From your comments it appears that your clients have purchased the company's shares? If so the company has continued uninterrupted and you should account from the date of incorporation. A change of shareholders does not affect the continuity of a company. The company is responsible for corporation tax for the whole period, effectively the new owners will bear the cost of CT for the whole period (in that it will be paid from a company owned by them) . Hopefully they allowed for this when deciding on their offer price for the shares.
I think the best route forward would be to write to HMRC asking for copies of the missing VAT returns or a schedule of data. And ask your client to request any missing bank statements from the date of incorporation from the bank. On receipt of these you will have to proceed on the basis of incomplete records.
Sale contract?
It sounds like the client purchased the shares in the company in which case they are responsible for everything
There should have been no transfer of VAT number if the limited company continued, there was just a change in shareholders and directors
P35
You need to submit an amendment with all the details on for the whole financial year
It sounds like she didn't take proper advice regarding the purchase, and has been stitched up, but if she signed contracts, etc there is very little she can do
Advise your client to see a solicitor
I suggest that you advise the client to see a solicitor for legal advice (which you are in no position to give).
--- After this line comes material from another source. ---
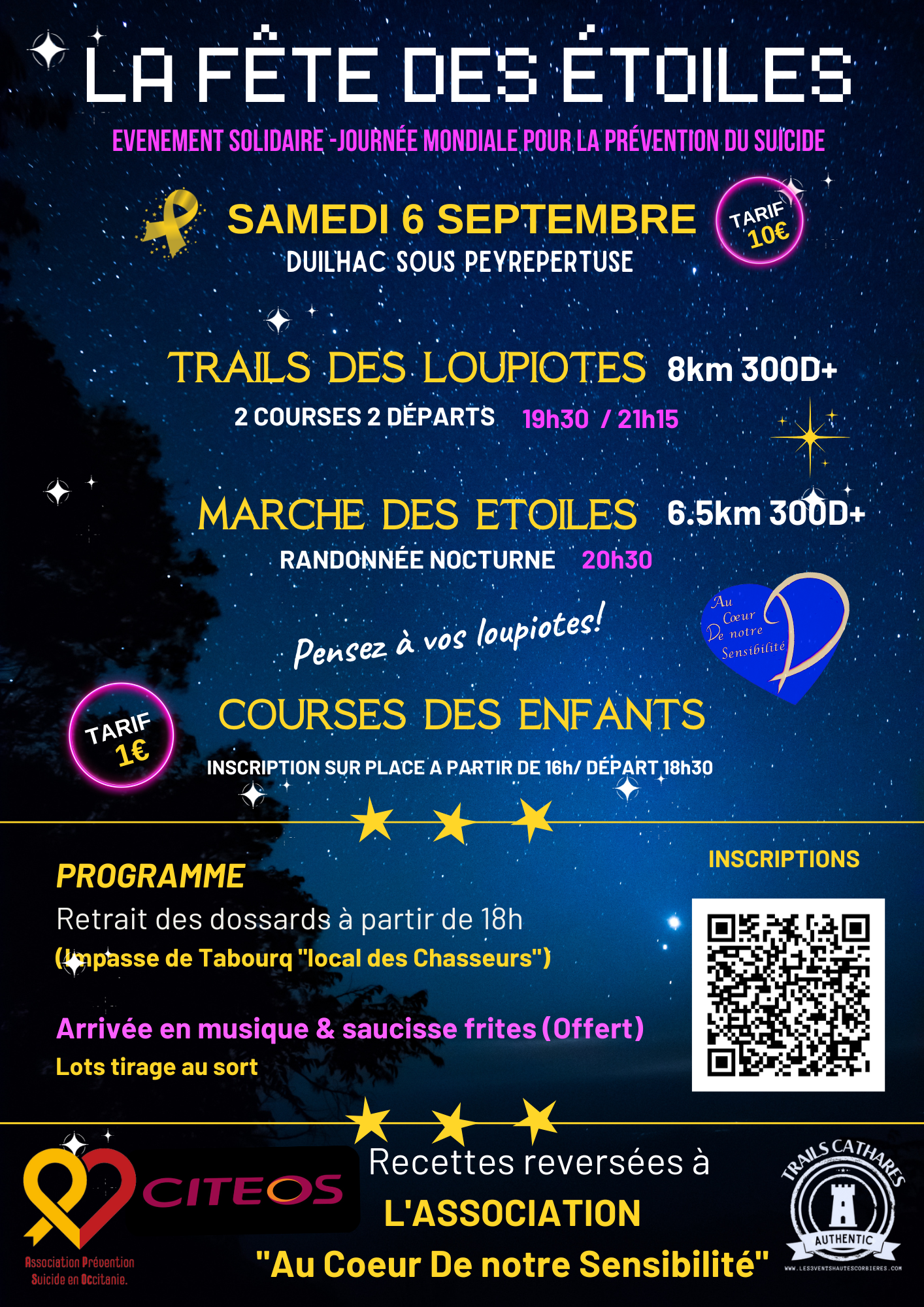 Comme chaque année depuis 4 ans, Au cœur de notre sensibilité, en partenariat avec Aude Trails Cathares, nous nous mobilisons pour mettre en lumière la prévention du suicide avec la Fête des étoiles. Des courses et marches nocturnes, marcher sous et pour nos étoiles partout en France…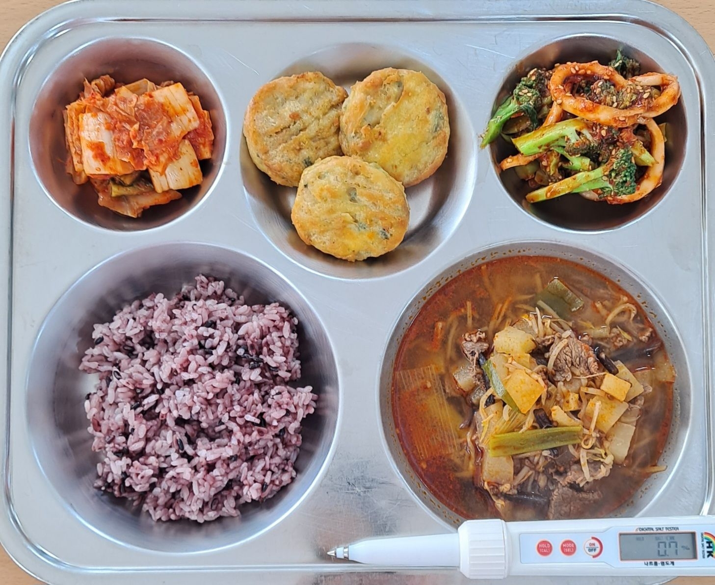 흑미밥육개장(5.6.16)동그랑땡전(1.2.5.6.10.15.16)오징어브로콜리초회(5.6.13.17)배추김치(9)* 에너지/단백질/칼슘/철712.0/29.9/130.7/3.9

IF (a big if) the client when purchasing the shares relied on information supplied by the seller and IF that information was wrong or misleading then the client MIGHT have good grounds for a legal claim against the seller.
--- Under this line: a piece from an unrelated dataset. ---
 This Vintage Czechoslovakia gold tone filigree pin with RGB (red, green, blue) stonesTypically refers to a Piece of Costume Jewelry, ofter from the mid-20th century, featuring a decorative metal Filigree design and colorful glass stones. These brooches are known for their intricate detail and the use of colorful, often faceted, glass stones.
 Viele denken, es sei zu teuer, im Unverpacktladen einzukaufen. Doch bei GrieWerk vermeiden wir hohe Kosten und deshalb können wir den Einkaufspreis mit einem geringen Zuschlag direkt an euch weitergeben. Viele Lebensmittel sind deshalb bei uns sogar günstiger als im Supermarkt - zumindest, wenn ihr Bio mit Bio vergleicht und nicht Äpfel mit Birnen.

That might involve a claim for compensation from the seller or a claim to reverse the entire share purchase to put both parties back to where they were before it happened. However it rapidly becomes increasingly difficult to reverse the whole transaction as your client does things with the company (like paying bills, ordering goods, making sales, etc) because your client becomes incapable of returning the company in the state in which she received it.
So it would be best to get legal advice quickly.
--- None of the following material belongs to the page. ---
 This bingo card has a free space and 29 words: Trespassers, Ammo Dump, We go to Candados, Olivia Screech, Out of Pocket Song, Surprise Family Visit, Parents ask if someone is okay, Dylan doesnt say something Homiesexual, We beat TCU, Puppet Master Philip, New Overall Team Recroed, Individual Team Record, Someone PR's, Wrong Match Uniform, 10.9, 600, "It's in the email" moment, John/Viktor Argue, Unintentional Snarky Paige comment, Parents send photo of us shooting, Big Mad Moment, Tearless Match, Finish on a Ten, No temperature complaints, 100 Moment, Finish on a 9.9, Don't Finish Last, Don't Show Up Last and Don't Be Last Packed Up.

Once reversing the entire purchase has become impossible the only remaining avenue for legal action is a claim for compensation.
Even if you think it is unlikely that a legal claim would succeed (for example because the seller provided information orally which was not confirmed in writing) I would still suggest you advise the client to see a solicitor. This is partly for your own protection as, who knows, some years down the line your client may meet an 'expert' in the pub who tells her to sue you because you did not advise her to see a solicitor when you were consulted!
If the client receives your advice (which I suggest you confirm in writing to her) and decides not to see a solicitor then that is her decision (and you are in the clear).
David
Money paid for the shares
The money your client paid for shares in the company is a transaction between herself and the person who sold the shares.
It is not a transaction involving the company and does not go through the company's accounts (i.e. it does not affect the company trial balance, balance sheet or profit & loss account).
Your client has purchased shares and nothing else (i.e. not equipment, fixtures & fittings, stock, etc).
The company's share capital in the Balance Sheet is unaffected by the transfer of those shares (or that share) from the seller to your client.
David
A case I dealt with
I dealt with a case some years ago in which a man had purchased 50% of the shares in a company for £30,000 after having been told by the owner (who had held 100% of the shares prior to that sale) that the company "had assets of £70,000". The company operated a small shop selling DIY goods.
Although it was strictly correct that the company had assets of £70,000, the seller had failed to mention that the company also had liabilities of £110,000 - so overall it had net liabilities of £40,000.
Also the buyer had thought that his share purchase would provide additional working capital for the company to purchase additional stock. In fact of course his £30,000 went straight into the pocket of the owner who had sold the shares and did not benefit the company at all. (The purchaser was buying shares from the owner - the company was not issuing additional share capital.)
The company went bust shortly afterwards and the purchaser sued the seller.
When the matter came to court the purchaser's claim failed because (i) he had not promptly made every attempt to reverse the transaction when he discovered the company's true position (and in particular he had not attempted to transfer the shares back to the seller) and (ii) he had never asked to see any accounts of the business before buying the shares and so it appeared that he had not actually relied on the (misleading) statement about the company's assets when deciding to purchase the shares (it appeared that he thought the seller was a good businessman and he thought the two of them working together would be a recipe for a successful small business).
The buyer had not taken any professional advice before buying the shares.
Hopefully the moral of this tale is obvious!